The aim of this study was to explore the application of five-class deep residual network models based on plain CT images and clinical features for the precise staging of liver fibrosis.

Methods

This retrospective clinical study included 347 patients who underwent liver CT, with pathological staging of liver fibrosis as the gold standard. We established three ResNet models to stage liver fibrosis. The output diagnosis labels of models were 0, 1, 2, 3 and 4, which correspond to F0, F1, F2, F3, and F4 stages. Confusion matrices were used to evaluate the performances of models to precisely stage liver fibrosis.
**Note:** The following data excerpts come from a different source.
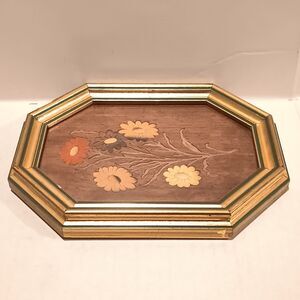 Vtg Mayflower Sorrento Inlaid Wood Framed Art-Floral-Octagonal-Marquetry-Italy
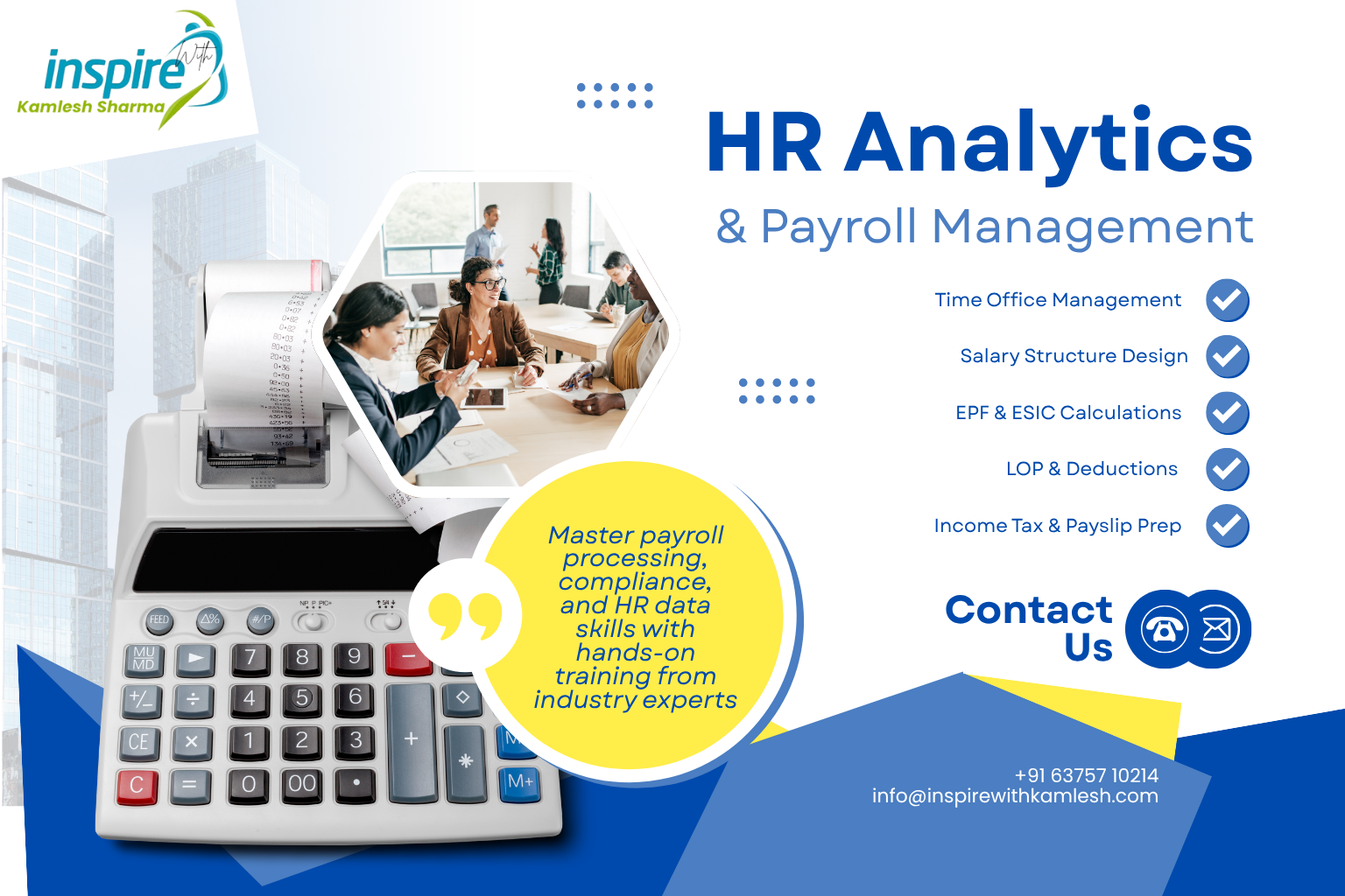 From time office management to salary structuring, EPF/ESIC calculations to income tax deductions, you’ll learn to handle the payroll cycle with accuracy and compliance while leveraging analytics to make informed HR decisions.
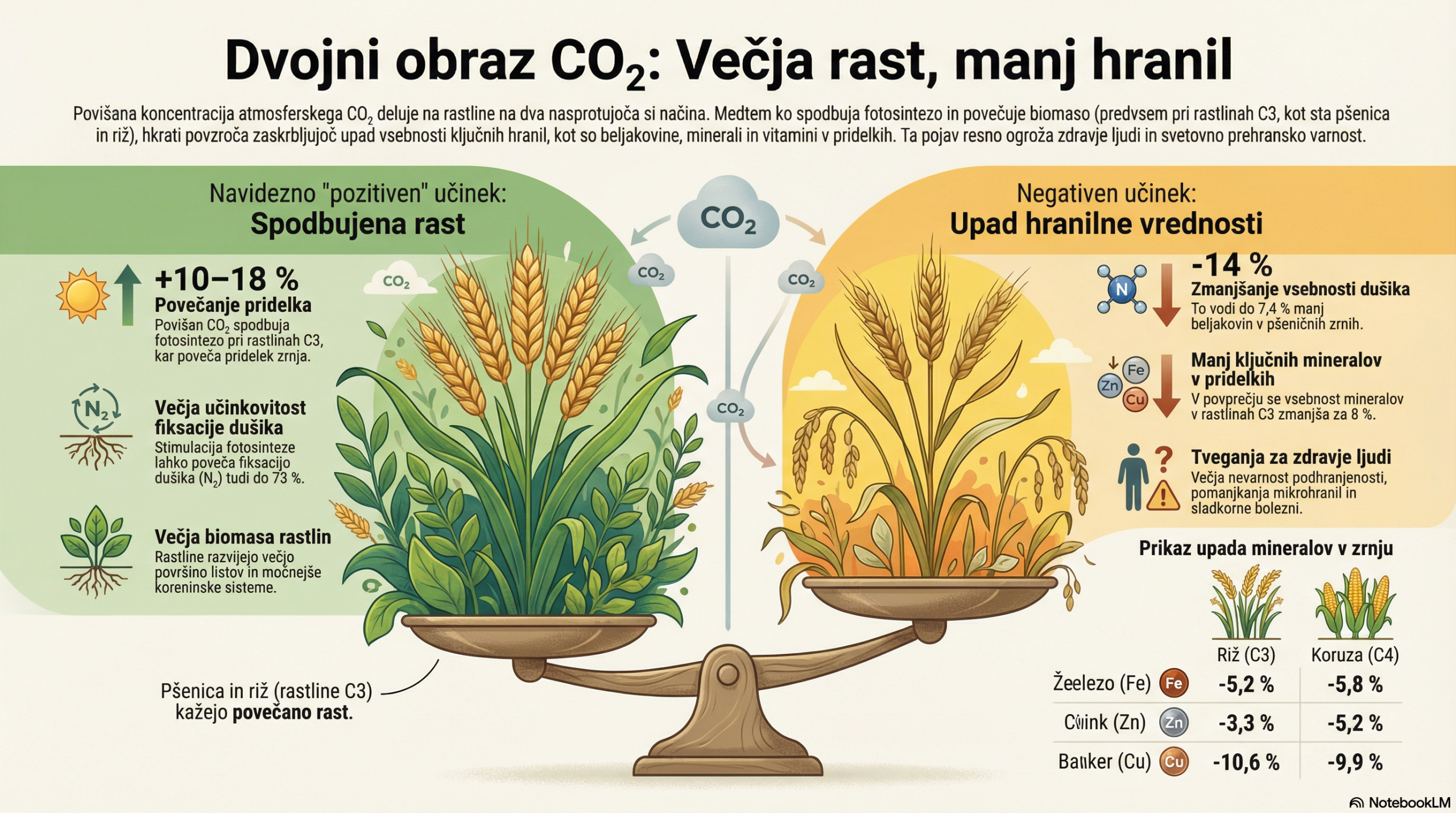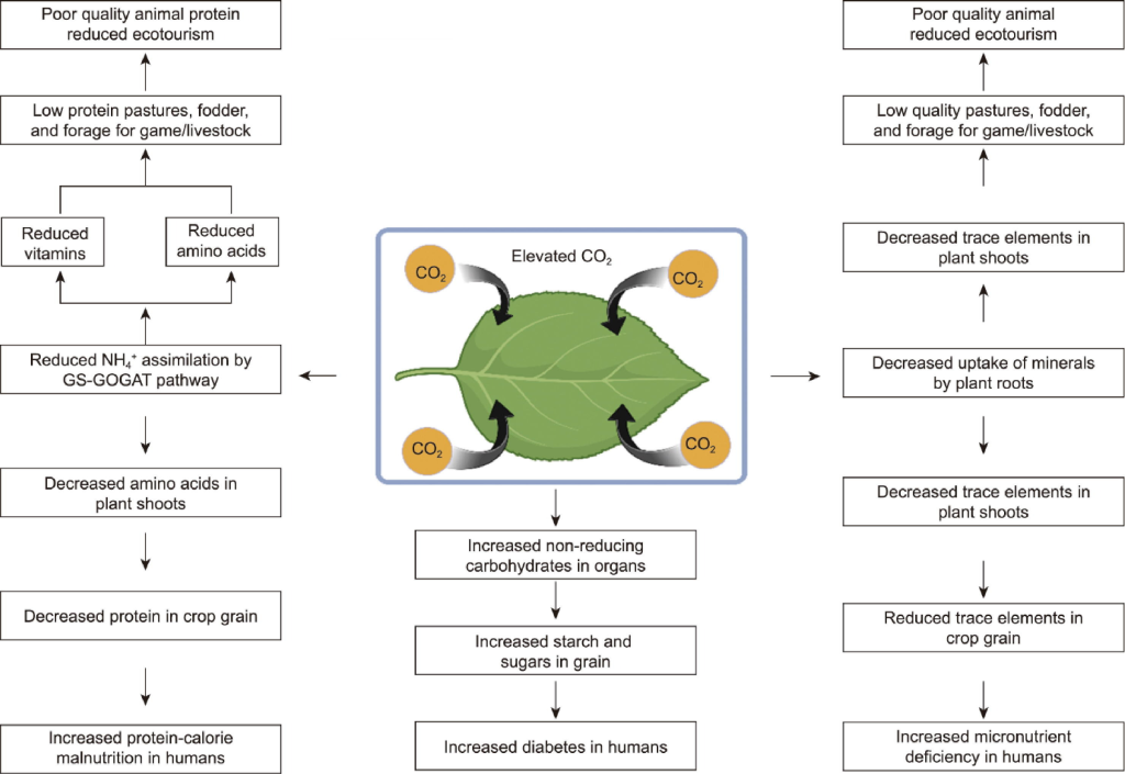 Kljub negativnim vplivom na delovanje rastlin, podnebne spremembe koristijo rastlinam na celični ravni. Na primer, stimulacija C3 fotosinteze z višjo vsebnostjo CO2 lahko poveča fiksiranje N2 za 73 % in pridelek zrnja za 10–11 %. Globalno povečana koncentracija CO2 v atmosferi je že zmanjšala vsebnost dušika v C3 poljščinah in C3 lesnati vegetaciji za 14 % oziroma 21 %, ne glede na dodano dušikovo gnojilo. 15N-poskusi hranjenja so pokazali, da se je po 19 urah pod povišanim CO2 koncentracija 15N v steblih, koreninah in koreninskih gomoljih ter celotnih rastlinah Scirpus olneyi (S. olneyi) zmanjšala za 51 %, 63 % oziroma 74 %. Poleg tega je S. olneyi pokazal zmanjšano asimilacijo NH4+ v povišanem CO2, kar je zmanjšalo vsebnost aminokislin v steblih za 25,6 % za glicin in 65,0 % za serin, v koreninah in korenikah pa za 2 % za gama-aminomaslino (GABA) in 80 % za glutamat. Ugotovljeno je bilo tudi, da se beljakovine v pšeničnih zrnih zmanjšajo za 7,4 % pri povišanih vrednostih CO2 zaradi zmanjšanja treonina, valina, izoleucina, leucina in fenilalanina. Podobno je bilo ugotovljeno, da se vsebnost mineralnih hranil v riževih in koruznih zrnih pri visokih vrednostih CO2 zmanjša za 1,0 % in 7,1 % za fosfor, 7,8 % in 2,1 % za žveplo, 5,2 % in 5,8 % za železo, 3,3 % in 5,2 % za cink, 10,6 % in 9,9 % za baker ter 7,5 % in 4,2 % za mangan. Na splošno se predvideva, da se bodo koncentracije mineralov v C3 rastlinah pri povišanih vrednostih CO2 zmanjšale za 8 %, medtem ko se bo skupna vsebnost nestrukturnih ogljikovih hidratov (predvsem škrob in sladkorji) povečala. To zmanjšanje vsebnosti beljakovin, aminokislin in mineralnih snovi v žitu bi lahko podvojilo pojavnost globalne beljakovinsko-kalorične podhranjenosti in pomanjkanja mikrohranil, zlasti v Afriki, kjer so kmetijska tla že sama po sebi revna s hranilnimi elementi. Poleg tega bi povečanje skupnih nestrukturnih ogljikovih hidratov (predvsem škroba in sladkorjev) v žitnih pridelkih lahko povečalo pojavnost diabetesa zaradi močne odvisnosti od škrobnih prehran. Negativni učinki povečane koncentracije CO2 na riž, koruzo in pšenico – tri najpomembnejše osnovne pridelke na svetu – kažejo na povečanje globalne negotovosti preskrbe s hrano zaradi naraščajoče koncentracije CO2 v ozračju.

The performance for diagnosing cirrhosis (F4), advanced fibrosis (≥ F3) and significant fibrosis (≥ F2) of models was evaluated with receiver operating characteristic (ROC) analyses.

Results

The kappa coefficients of the five-class ResNet model (based on plain CT images), the five-class ResNet clinical model (based on clinical features), and the five-class mixed ResNet model (based on plain CT images and clinical features) for precise staging liver fibrosis were 0.566, 0.306, and 0.63, respectively. The recall rates and precision rates for F0, F1, F2, and F3 of three models were lower than 60%. The ROC AUC values of the five-class ResNet model, the five-class ResNet clinical model, and the five-class mixed ResNet model for diagnosing cirrhosis, advanced fibrosis, and significant fibrosis were 0.95, 0.88, and 0.82, 0.80, 0.72, and 0.70, 0.95, 0.90, and 0.83, respectively.

Conclusions

The five-class ResNet models are of high value in the diagnosis of liver cirrhosis, advanced liver fibrosis, and significant liver fibrosis. However, for the precise staging of liver fibrosis, the models cannot accurately distinguish other liver fibrosis stages except F4. Plain CT images combined with clinical features have the potential to improve the performance of the ResNet models in diagnosing liver fibrosis.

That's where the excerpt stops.